What you are asked to do
Reproduce, exactly and only, the lines of the data that follows from the one containing "麦富迪(Myfoodie)全价猫粮 弗列加特系列高肉天然猫粮 8kg喜好成猫|含70%鲜鸡肉" down to the one containing "for power. |", without pictures.

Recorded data
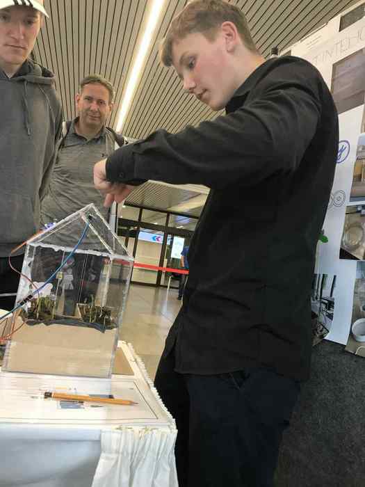 Tým PlantInteligence, se více než půl roku věnoval vývoji modelu inteligentního skleníku. Z překližky a plexiskla postavil model, který následně osadil elektronikou a senzory. Skleník pomocí čidel sleduje teplotu vzduchu a vlhkost půdy, na jejichž základě automaticky otevírá střešní okno či spouští zavlažování přes perforovanou hadici. Celý systém je řízen mikrokontrolérem Arduino, a cílem bylo minimalizovat potřebu lidského zásahu a zároveň zajistit optimální podmínky pro rostliny.
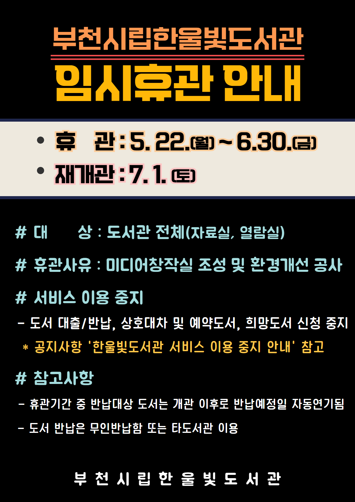 °ø»ç ±â°£Àº ¿À´Â 5¿ù 22ÀϺÎÅÍ 6¿ù 30ÀϱîÁöÀ̸ç, ÈÞ°ü±â°£ µ¿¾È ÇÑ¿ïºûµµ¼°ü ½Ã¼³ ¹× ÀÚ·á À̿뼺ñ½º(µµ¼ ´ëÃⷹݳ³, »óÈ£´ëÂ÷, ¿¹¾àµµ¼)´Â ¸ðµÎ ÀϽà ÁߴܵȴÙ. ´Ù¸¸, ¿Â¶óÀÎ(zoom)À» Ȱ¿ëÇÑ ºñ´ë¸é µ¶¼¹®È ÇÁ·Î±×·¥Àº Á¤»ó ¿î¿µµÈ´Ù.
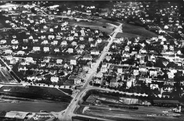 Villabebyggelse opp langs Grefsenveien med tilhørende villaveier (nord for dagens Storokrysset). Gjøvikbanen langs nedre del av bildet. Storoveien og Rolf Wickstrøms vei (begge del av Store Ringvei) ovenfor jernbanen. Postkort med nr. 4463. Flyfoto.
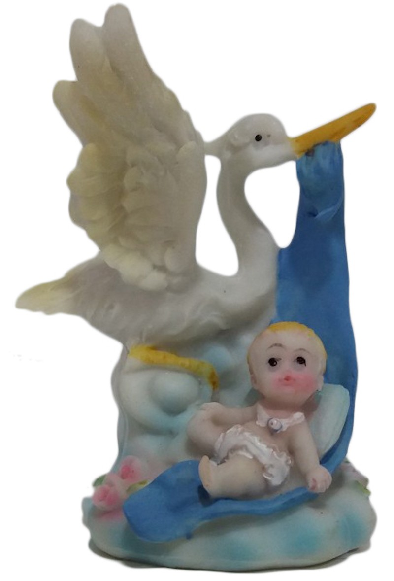 Cegonha com menino 8,5 cm batizado
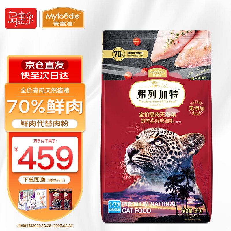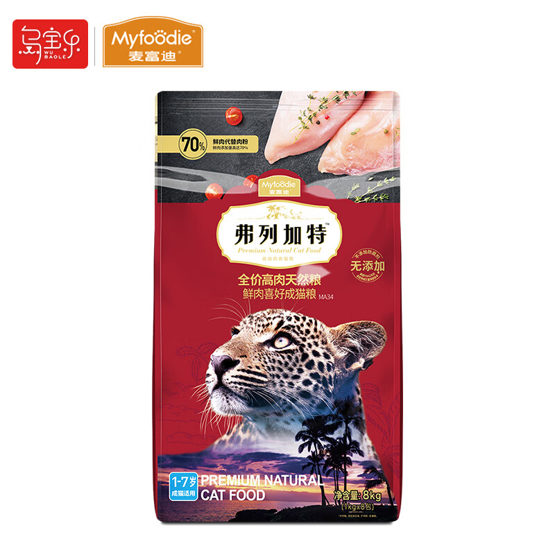 麦富迪(Myfoodie)全价猫粮 弗列加特系列高肉天然猫粮 8kg喜好成猫|含70%鲜鸡肉
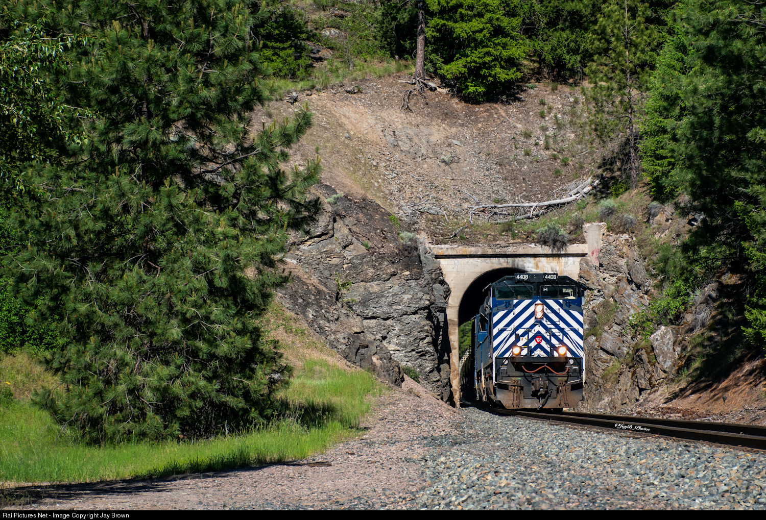 | MRLs Night Gas train can be see here flying through a tunnel along the tiny town of Cyr, MT, with a pair of MRLs finest Aces for power. |
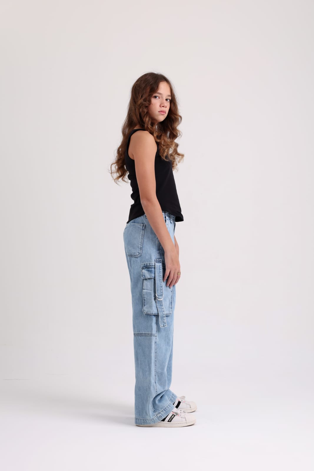 The fresh light wash color makes these pants versatile and easy to style—perfect with casual T-shirts, sporty tops, or cozy hoodies. Balancing durability with a modern look, these pants are a timeless staple that bring together effortless style and thoughtful craftsmanship, ready to accompany her on school days, weekend outings, and everything in between.
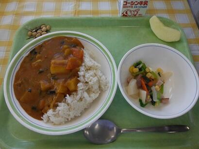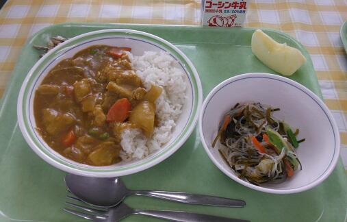牛乳・シーフードカレーライス・すき昆布と春雨のサラダ・りんご・大豆小魚

Answer to the exercise
 麦富迪(Myfoodie)全价猫粮 弗列加特系列高肉天然猫粮 8kg喜好成猫|含70%鲜鸡肉
 | MRLs Night Gas train can be see here flying through a tunnel along the tiny town of Cyr, MT, with a pair of MRLs finest Aces for power. |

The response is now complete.